There were moments of celebration and protest from opposition in Kenya on Monday as the Supreme Court unanimously upheld the re-election of President Uhuru Kenyatta in last month’s repeat presidential vote, paving the way for him to be sworn in next week.
While delivering his verdict, Chief Justice David Maraga threw out the cases by three petitioners that sought to invalidate the results of the Oct. 26 election rerun, saying their arguments were without merit.
The unanimous decision is the latest — and, it seems, final — stage of Kenya’s unexpectedly prolonged presidential election cycle, which erupted this weekend into clashes between “protesting” opposition supporters and the police that were broadcast on live television.
Kenya has been through two presidential elections this year, both of which have come before the Supreme Court for review. The court nullified Mr. Kenyatta’s Aug. 8 win, citing irregularities. On Tuesday, it dismissed two petitions against his Oct. 26 victory, saying they lacked merit.
The country’s apex court had stunned Kenya and much of the continent on September 1, after it invalidated Kenyatta’s win on the grounds of irregularities, forcing the election to be re-held.
Kenyatta’s main rival, Raila Odinga, however, pulled out of the rerun at the last minute saying the new elections would be flawed as well since the commission overseeing the contest had not been reformed.
The election went ahead and Kenyatta won by a landslide, though voting did not take place in a number of opposition districts.
In Odinga latest statement, he dismissed the court decision, saying it was made under coercion and insisted that the government and the election were still illegitimate.
“It was a decision taken under duress.

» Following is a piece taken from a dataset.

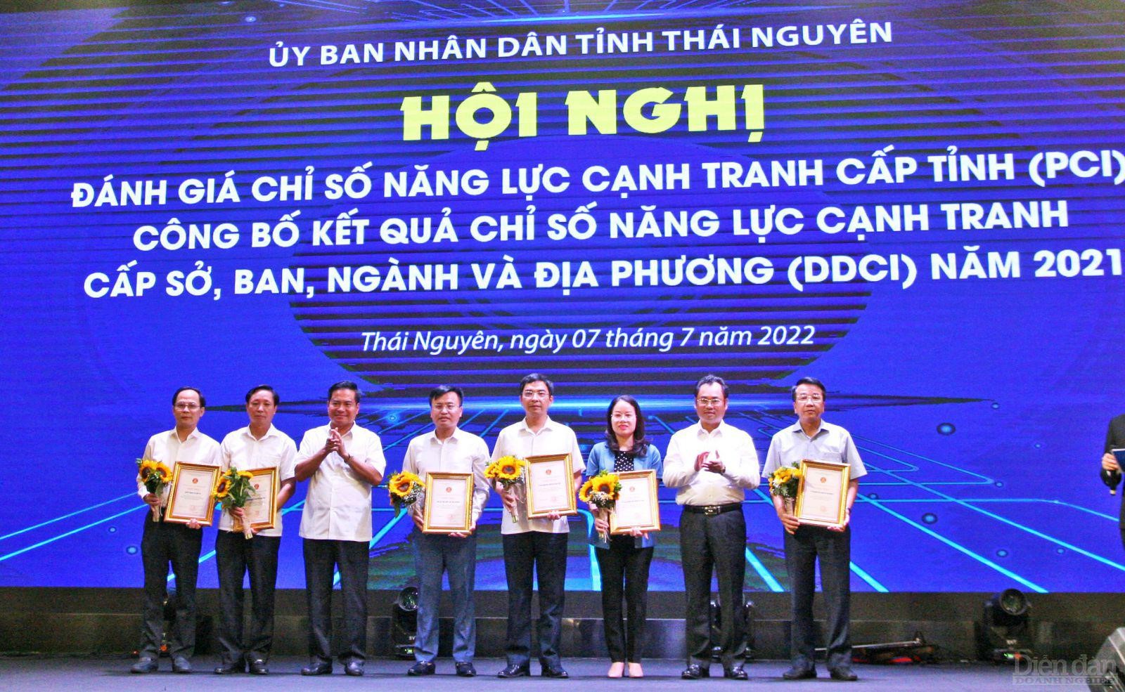 Lãnh đạo UBND tỉnh Thái Nguyên trao Giấy chứng nhận cho các đơn vị có chỉ số DDCI cao

We do not condemn the court, we sympathize with it,” said the statement.
In the wake of the verdict, celebrations immediately broke out outside the court where supporters of Kenyatta’s Jubilee Party had gathered, decked out in the party colors and waving Kenyan flags.
There were celebrations in other party strongholds around the city, as well.
The months between the elections and the court decisions have seen repeated demonstrations by Odinga’s supporters and following the court decision, there were outbursts in opposition strongholds like the city of Kisumu in the west.
The roughly even division between Kenyatta and Odinga supporters is based largely on ethnic lines, between the Kenyatta’s Kikuyu tribe and Odinga’s Luo, raising the fears of ethnic clashes.